**Exercise details**
Using the data below, transcribe exactly everything from the line that contains "This absolutely unique" down to the line that contains "某个剧团团长:赫尔敏啊……她". Include both of those lines and none of the pictures.

[Input data — start]

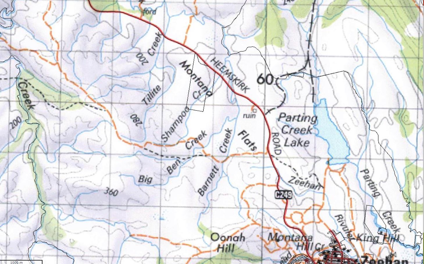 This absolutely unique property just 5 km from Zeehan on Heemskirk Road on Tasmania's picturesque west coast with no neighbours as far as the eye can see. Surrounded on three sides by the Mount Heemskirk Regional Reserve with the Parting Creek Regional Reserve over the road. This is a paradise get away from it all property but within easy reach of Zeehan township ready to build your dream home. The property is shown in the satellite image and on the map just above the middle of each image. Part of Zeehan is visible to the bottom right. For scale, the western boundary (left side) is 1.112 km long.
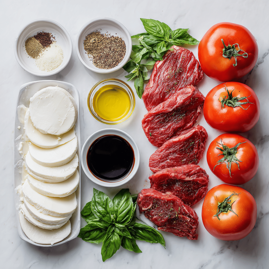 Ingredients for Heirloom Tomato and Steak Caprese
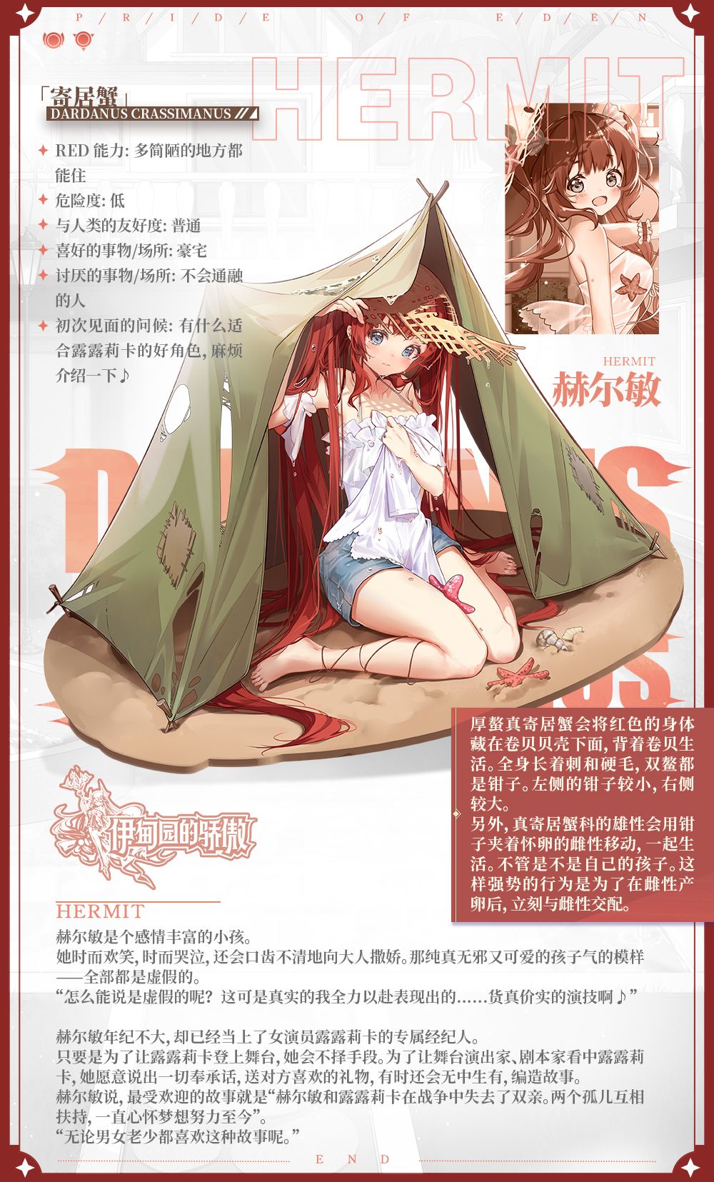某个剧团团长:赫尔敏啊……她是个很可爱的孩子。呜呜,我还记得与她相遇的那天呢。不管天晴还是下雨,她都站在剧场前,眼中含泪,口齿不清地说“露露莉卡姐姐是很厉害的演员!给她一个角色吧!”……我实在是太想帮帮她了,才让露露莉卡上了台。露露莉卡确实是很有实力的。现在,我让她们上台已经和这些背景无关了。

[Input data — finish]
[Input data — start]

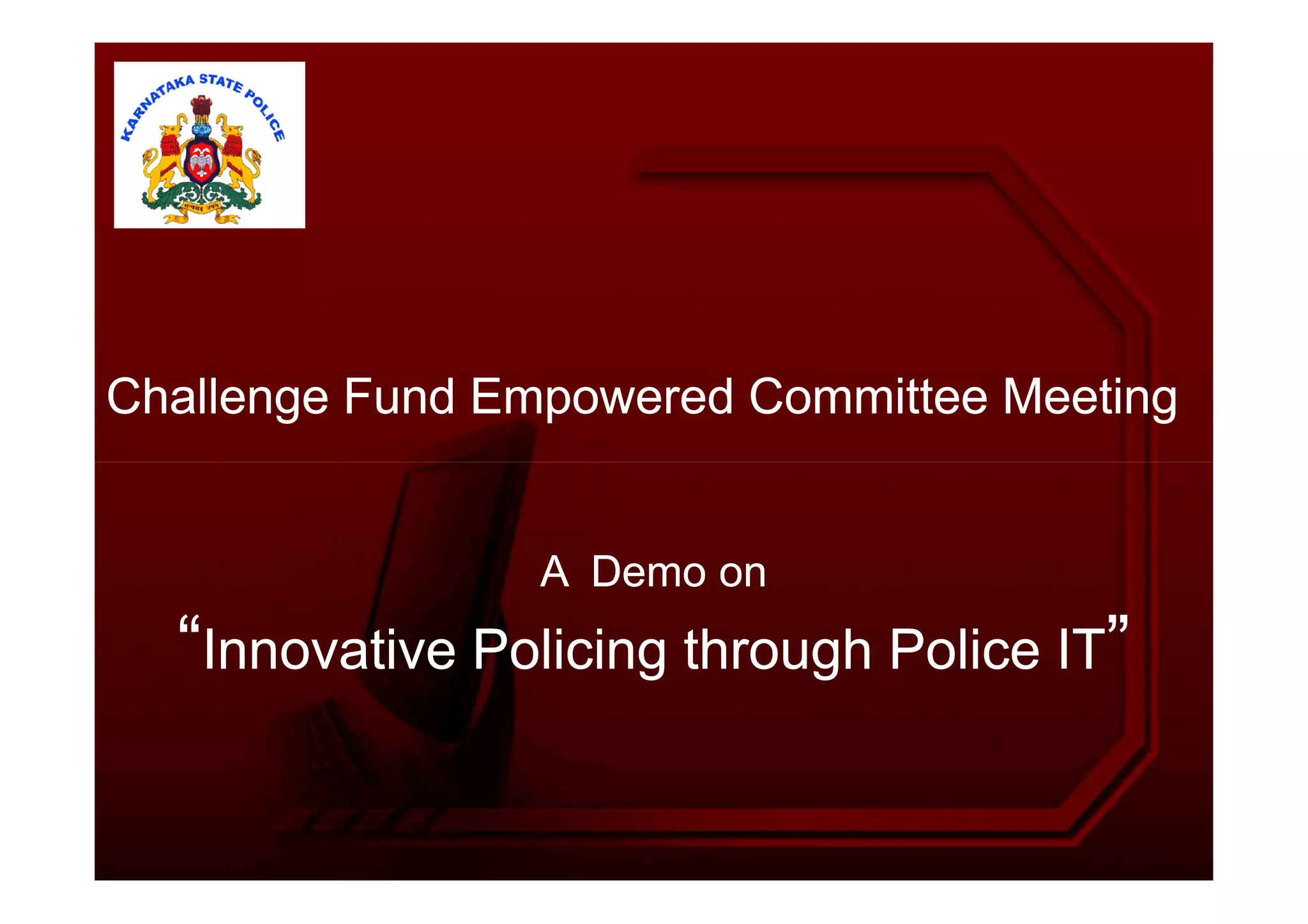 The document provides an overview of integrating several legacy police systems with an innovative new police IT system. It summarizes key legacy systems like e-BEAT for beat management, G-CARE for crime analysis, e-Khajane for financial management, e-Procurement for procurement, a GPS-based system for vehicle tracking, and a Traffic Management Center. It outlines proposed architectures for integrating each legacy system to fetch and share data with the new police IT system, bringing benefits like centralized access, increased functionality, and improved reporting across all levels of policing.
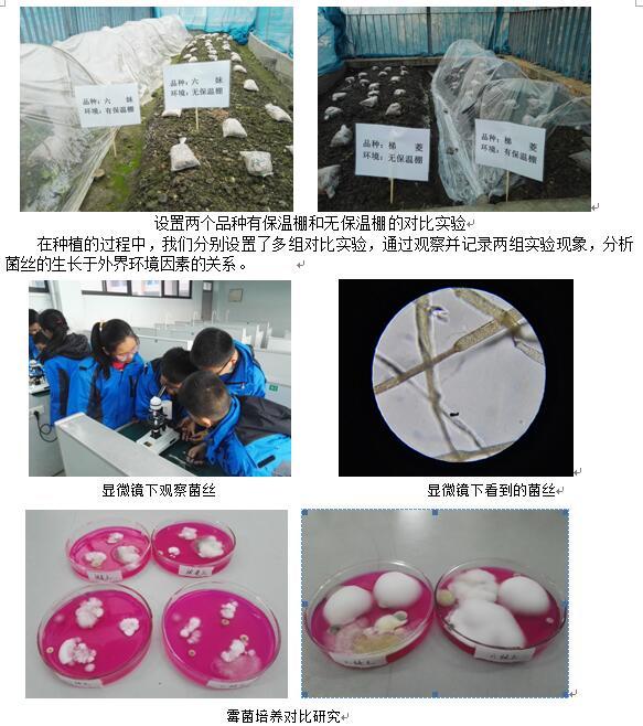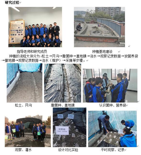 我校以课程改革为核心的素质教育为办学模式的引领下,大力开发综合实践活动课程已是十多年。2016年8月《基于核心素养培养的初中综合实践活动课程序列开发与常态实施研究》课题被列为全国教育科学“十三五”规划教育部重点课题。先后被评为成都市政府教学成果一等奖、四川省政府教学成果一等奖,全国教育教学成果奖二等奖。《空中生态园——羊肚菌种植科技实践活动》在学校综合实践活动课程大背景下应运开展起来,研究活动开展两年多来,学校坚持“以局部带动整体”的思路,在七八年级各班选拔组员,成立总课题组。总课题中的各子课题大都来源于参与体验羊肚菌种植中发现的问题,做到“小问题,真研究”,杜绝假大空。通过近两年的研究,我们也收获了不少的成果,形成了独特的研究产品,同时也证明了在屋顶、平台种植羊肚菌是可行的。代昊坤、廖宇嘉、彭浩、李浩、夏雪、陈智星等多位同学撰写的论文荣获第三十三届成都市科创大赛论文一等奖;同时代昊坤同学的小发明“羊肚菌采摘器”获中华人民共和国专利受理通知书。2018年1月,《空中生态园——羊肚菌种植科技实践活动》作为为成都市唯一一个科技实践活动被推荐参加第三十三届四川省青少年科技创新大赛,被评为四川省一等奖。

[Input data — finish]

**Output for this task**
 This absolutely unique property just 5 km from Zeehan on Heemskirk Road on Tasmania's picturesque west coast with no neighbours as far as the eye can see. Surrounded on three sides by the Mount Heemskirk Regional Reserve with the Parting Creek Regional Reserve over the road. This is a paradise get away from it all property but within easy reach of Zeehan township ready to build your dream home. The property is shown in the satellite image and on the map just above the middle of each image. Part of Zeehan is visible to the bottom right. For scale, the western boundary (left side) is 1.112 km long.
 Ingredients for Heirloom Tomato and Steak Caprese
某个剧团团长:赫尔敏啊……她是个很可爱的孩子。呜呜,我还记得与她相遇的那天呢。不管天晴还是下雨,她都站在剧场前,眼中含泪,口齿不清地说“露露莉卡姐姐是很厉害的演员!给她一个角色吧!”……我实在是太想帮帮她了,才让露露莉卡上了台。露露莉卡确实是很有实力的。现在,我让她们上台已经和这些背景无关了。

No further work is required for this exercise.